Hacksell U, Johansson A M, Arvidsson L, Nilsson J L, Hjorth S, Carlsson A, Wikström H, Sanchez D, Lindberg P
J Med Chem. 1984 Aug;27(8):1003-7. doi: 10.1021/jm00374a012.
C1-Methylated derivatives of the potent dopaminergic agonist 5-hydroxy-2-(di-n-propylamino)tetralin (6) have been synthesized and tested for central dopamine (DA) receptor stimulating activity, by using biochemical and behavioral tests in rats. Both cis- and trans-5-hydroxy-1-methyl-2-(di-n-propylamino) tetralin (4 and 3) may be classified as central DA-receptor agonists, albeit of lower potency than 6. The results obtained indicate that both 4 and 3 display DA-autoreceptor stimulation capacity. However, only one of the isomers, trans-3, is able to elicit clear-cut postsynaptic DA receptor agonist actions at larger doses. 5-Hydroxy-1,1-dimethyl-2-(n-propylamino) tetralin (5) was found to be inactive.

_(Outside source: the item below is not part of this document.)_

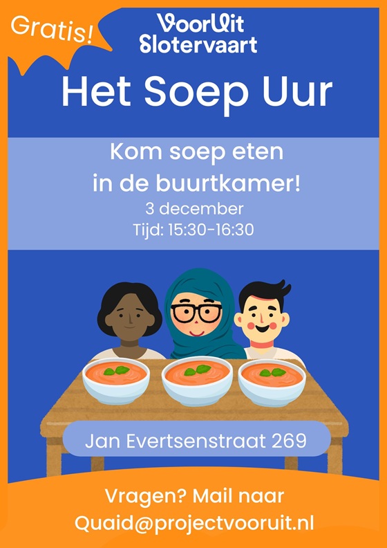 Daarom organiseren we op woensdag 3 december het allereerste Soepuurtje in buurtkamer Buurtkracht. Een fijne, laagdrempelige middag waar iedereen welkom is om aan te schuiven voor een kopje soep, om bij te praten en nieuwe contacten te leggen.
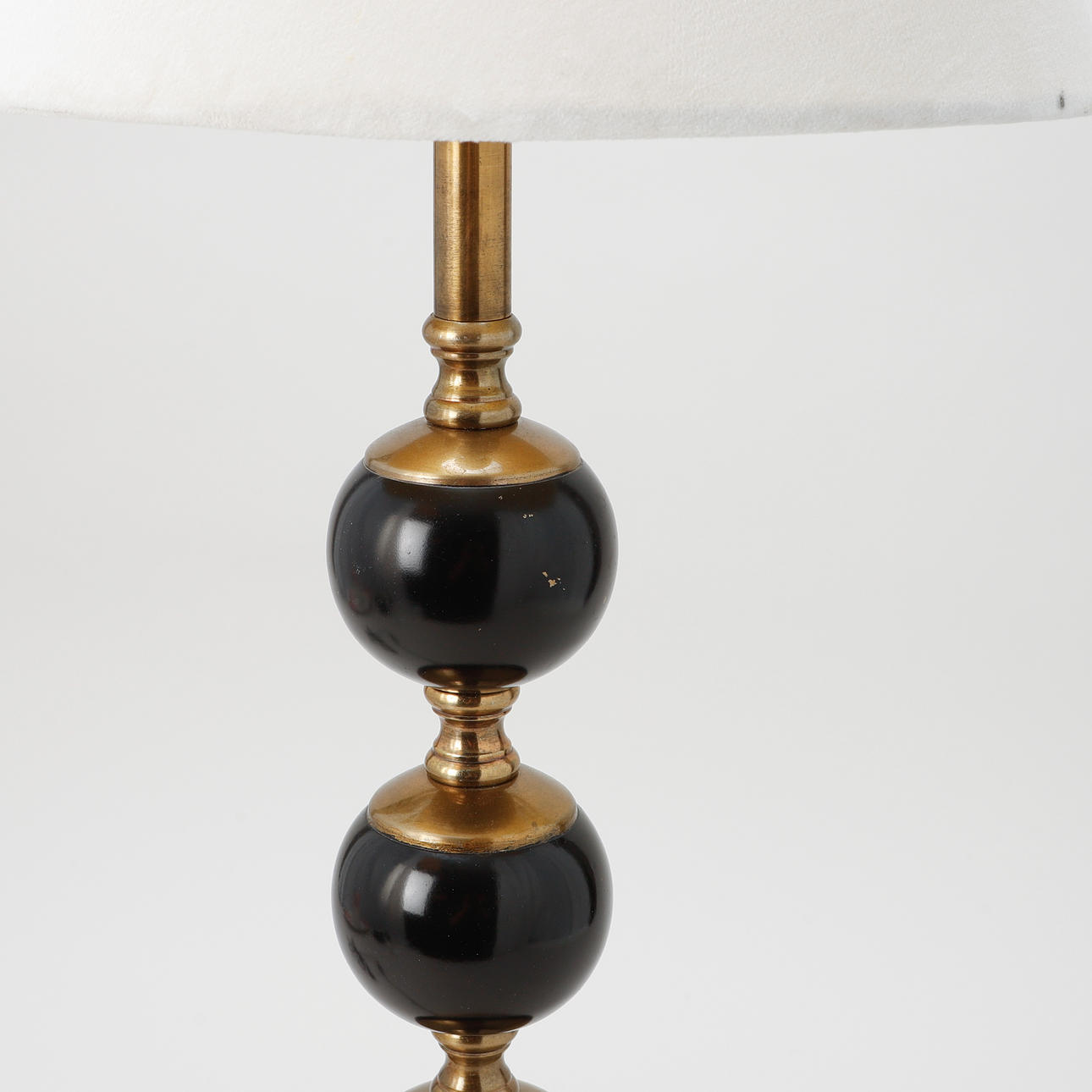 Metall. Ben med dekor av svärtade kulor. Höjd 55 cm med skärm 73 cm.

强效多巴胺能激动剂5-羟基-2-(二正丙基氨基)四氢萘(6)的C1-甲基化衍生物已被合成,并通过对大鼠进行生化和行为测试来检测其对中枢多巴胺(DA)受体的刺激活性。顺式和反式5-羟基-1-甲基-2-(二正丙基氨基)四氢萘(4和3)均可归类为中枢DA受体激动剂,尽管其效力低于6。所得结果表明,4和3均具有DA自身受体刺激能力。然而,只有反式异构体3在较大剂量时能够引发明显的突触后DA受体激动作用。5-羟基-1,1-二甲基-2-(正丙基氨基)四氢萘(5)被发现无活性。